What the exercise asks> Your task is to restate word for word the lines in the material below, from the one with "Зарплатное предложение для" up to and including the one with "GREEN PAINTED AND DISTRESSED BLANKET BOX". Do not carry over the pictures.

Data>
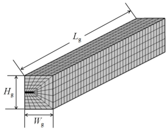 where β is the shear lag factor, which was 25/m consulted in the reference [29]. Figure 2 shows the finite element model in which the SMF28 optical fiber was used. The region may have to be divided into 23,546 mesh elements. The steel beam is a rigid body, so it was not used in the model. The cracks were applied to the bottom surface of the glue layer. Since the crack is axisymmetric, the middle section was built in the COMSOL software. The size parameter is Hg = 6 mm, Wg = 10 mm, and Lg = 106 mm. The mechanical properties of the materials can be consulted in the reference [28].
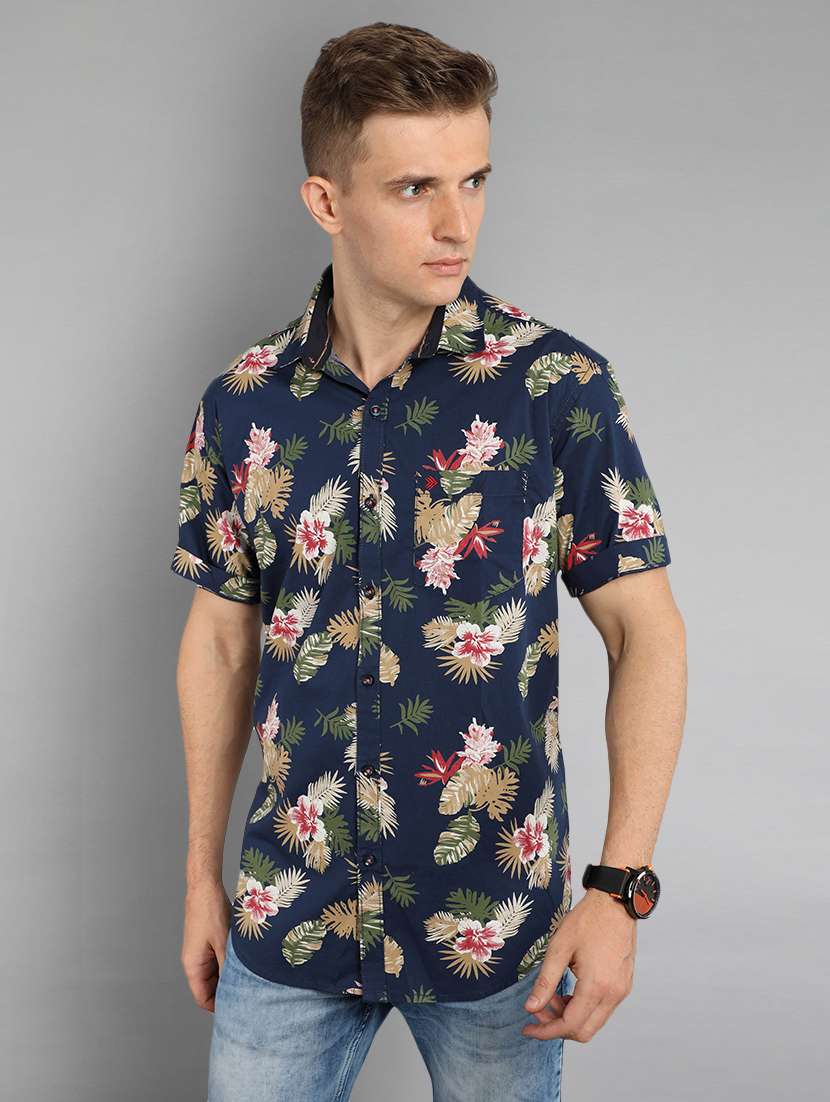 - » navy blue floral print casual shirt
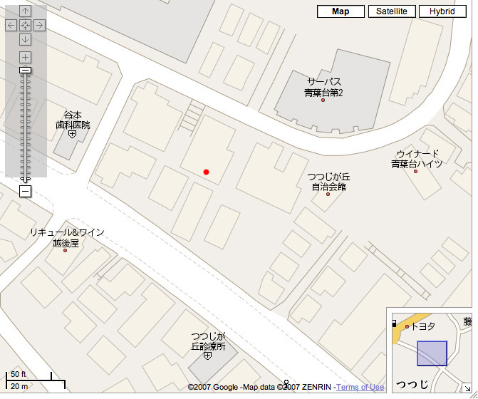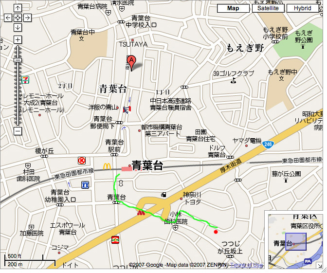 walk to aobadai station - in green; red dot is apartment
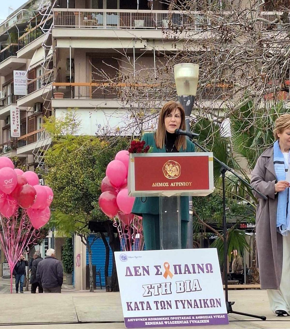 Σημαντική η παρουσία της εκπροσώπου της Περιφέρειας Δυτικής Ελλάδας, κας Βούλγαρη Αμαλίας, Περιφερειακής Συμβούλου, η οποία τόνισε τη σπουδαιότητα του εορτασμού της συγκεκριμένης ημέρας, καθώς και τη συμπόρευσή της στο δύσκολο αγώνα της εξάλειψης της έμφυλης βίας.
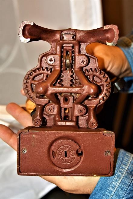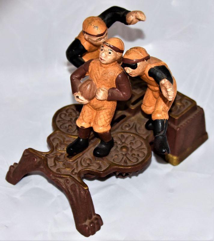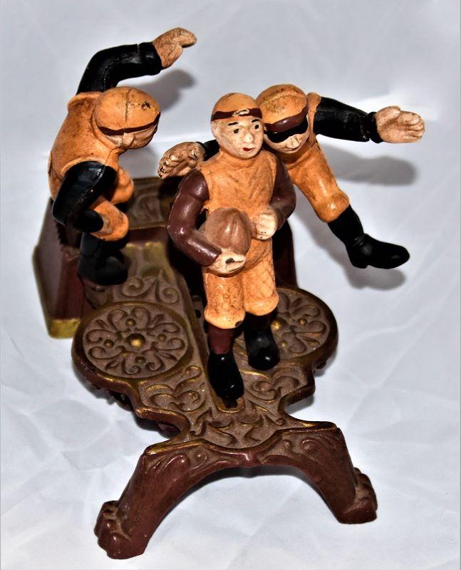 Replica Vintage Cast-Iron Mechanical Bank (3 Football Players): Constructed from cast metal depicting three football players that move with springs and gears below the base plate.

...

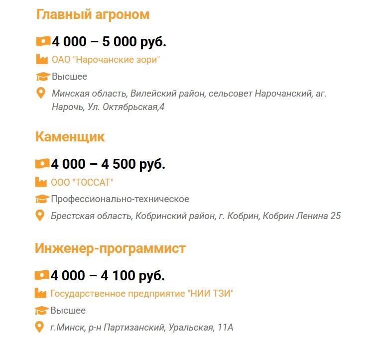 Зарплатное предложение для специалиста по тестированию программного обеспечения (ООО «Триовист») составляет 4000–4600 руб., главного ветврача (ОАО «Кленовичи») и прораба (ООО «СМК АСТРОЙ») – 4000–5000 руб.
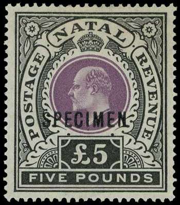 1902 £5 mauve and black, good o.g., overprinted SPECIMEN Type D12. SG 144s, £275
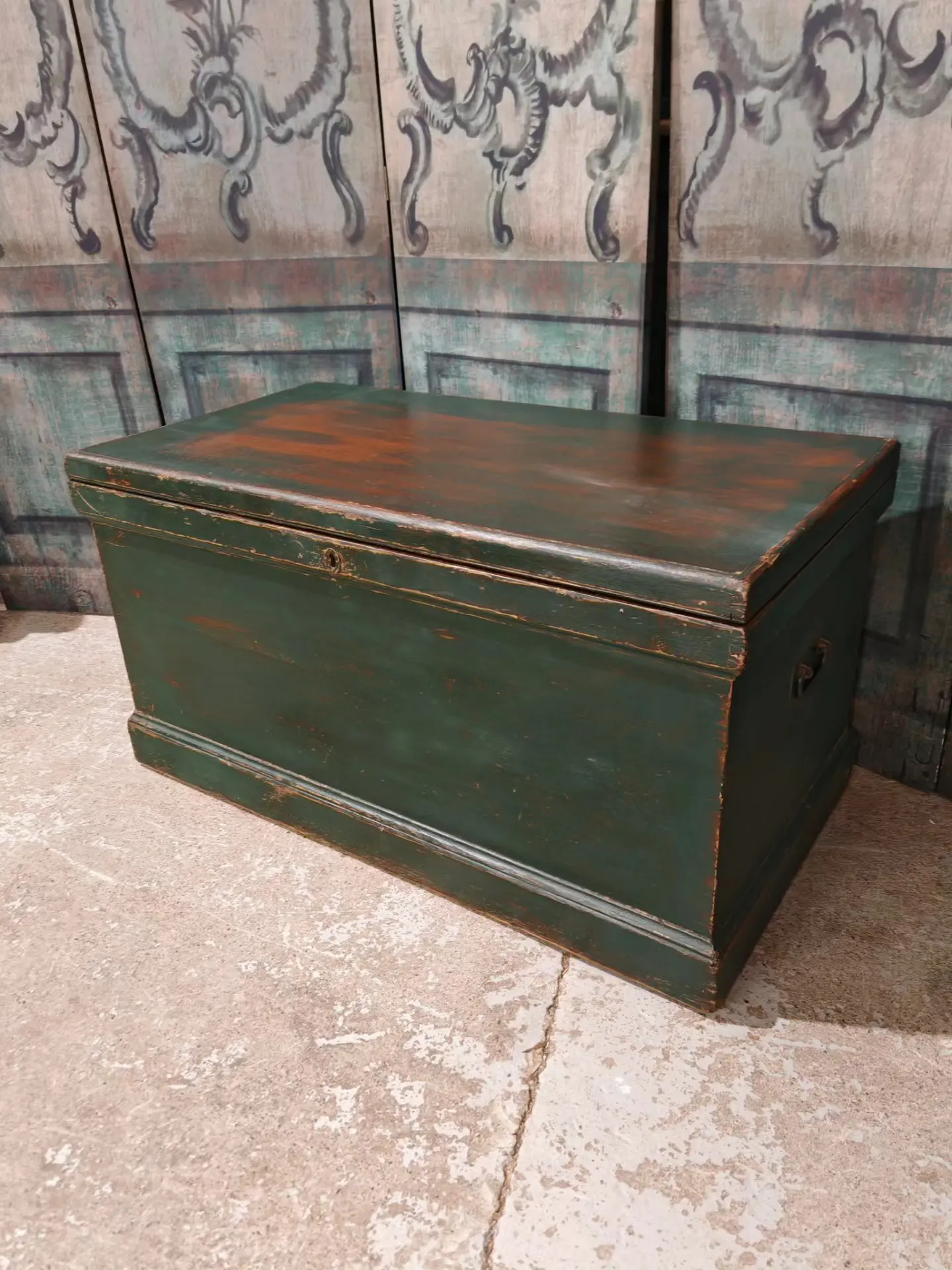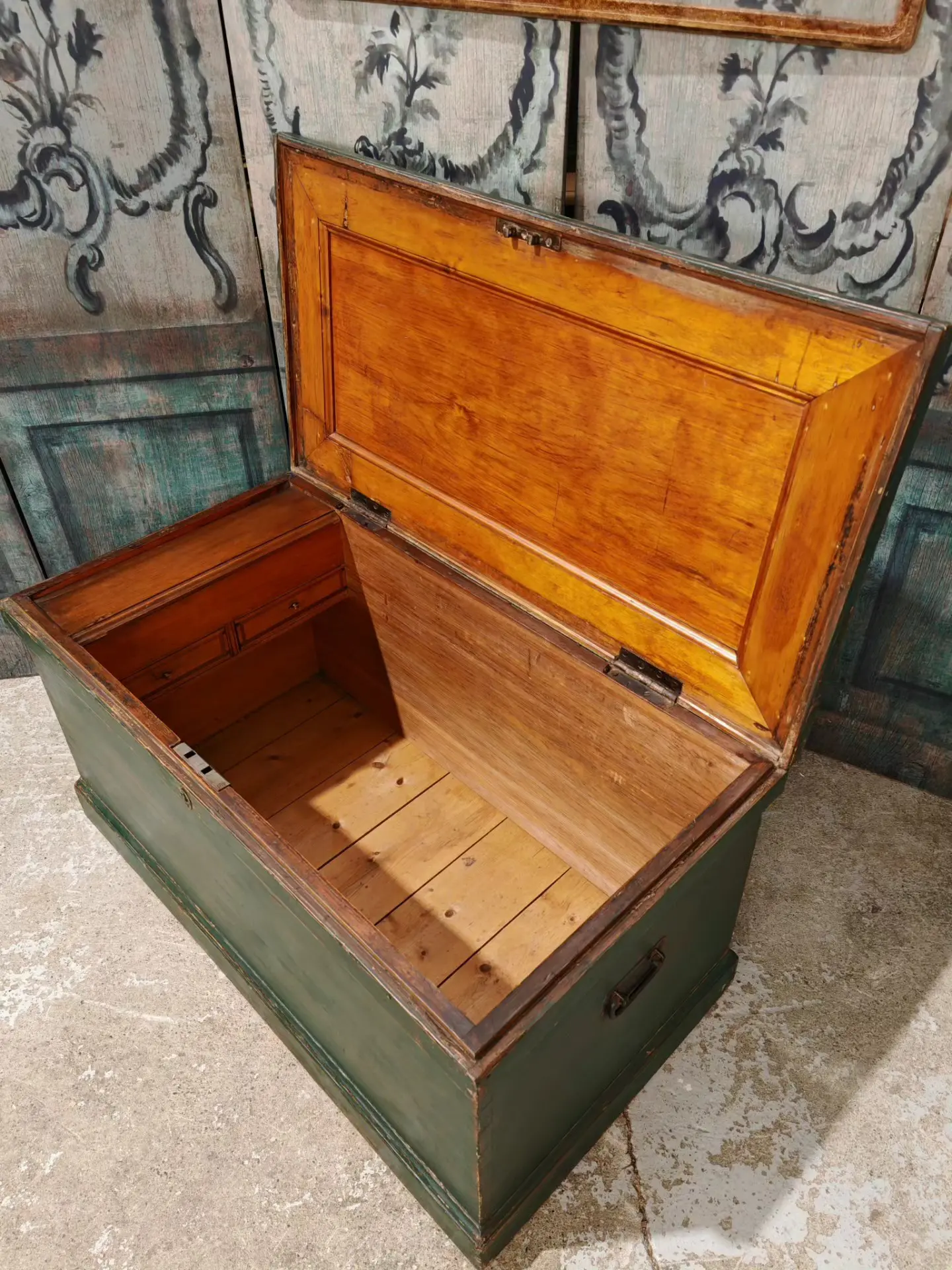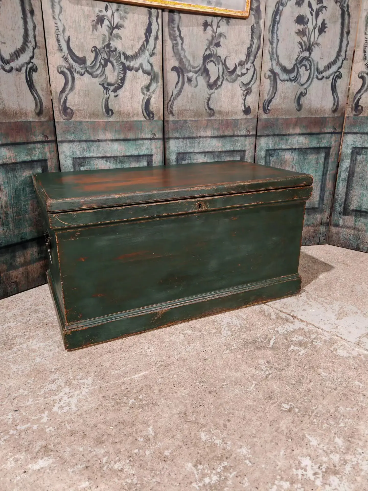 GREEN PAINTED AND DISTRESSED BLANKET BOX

...

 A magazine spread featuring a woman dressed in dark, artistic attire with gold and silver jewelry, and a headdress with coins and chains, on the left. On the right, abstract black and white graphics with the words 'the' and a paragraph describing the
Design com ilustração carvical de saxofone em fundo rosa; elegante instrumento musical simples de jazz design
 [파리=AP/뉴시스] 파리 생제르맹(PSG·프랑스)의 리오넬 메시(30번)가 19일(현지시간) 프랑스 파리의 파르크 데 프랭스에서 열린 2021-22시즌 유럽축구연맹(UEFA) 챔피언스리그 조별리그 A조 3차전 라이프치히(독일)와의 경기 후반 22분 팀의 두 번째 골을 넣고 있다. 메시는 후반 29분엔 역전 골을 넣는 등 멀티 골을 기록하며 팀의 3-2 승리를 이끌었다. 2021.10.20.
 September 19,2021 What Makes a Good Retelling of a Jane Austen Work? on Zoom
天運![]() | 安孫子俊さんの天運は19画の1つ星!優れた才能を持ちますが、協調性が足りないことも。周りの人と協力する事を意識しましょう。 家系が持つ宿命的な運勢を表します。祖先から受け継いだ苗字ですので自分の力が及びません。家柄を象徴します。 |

Your solution>
 Зарплатное предложение для специалиста по тестированию программного обеспечения (ООО «Триовист») составляет 4000–4600 руб., главного ветврача (ОАО «Кленовичи») и прораба (ООО «СМК АСТРОЙ») – 4000–5000 руб.
 1902 £5 mauve and black, good o.g., overprinted SPECIMEN Type D12. SG 144s, £275
 GREEN PAINTED AND DISTRESSED BLANKET BOX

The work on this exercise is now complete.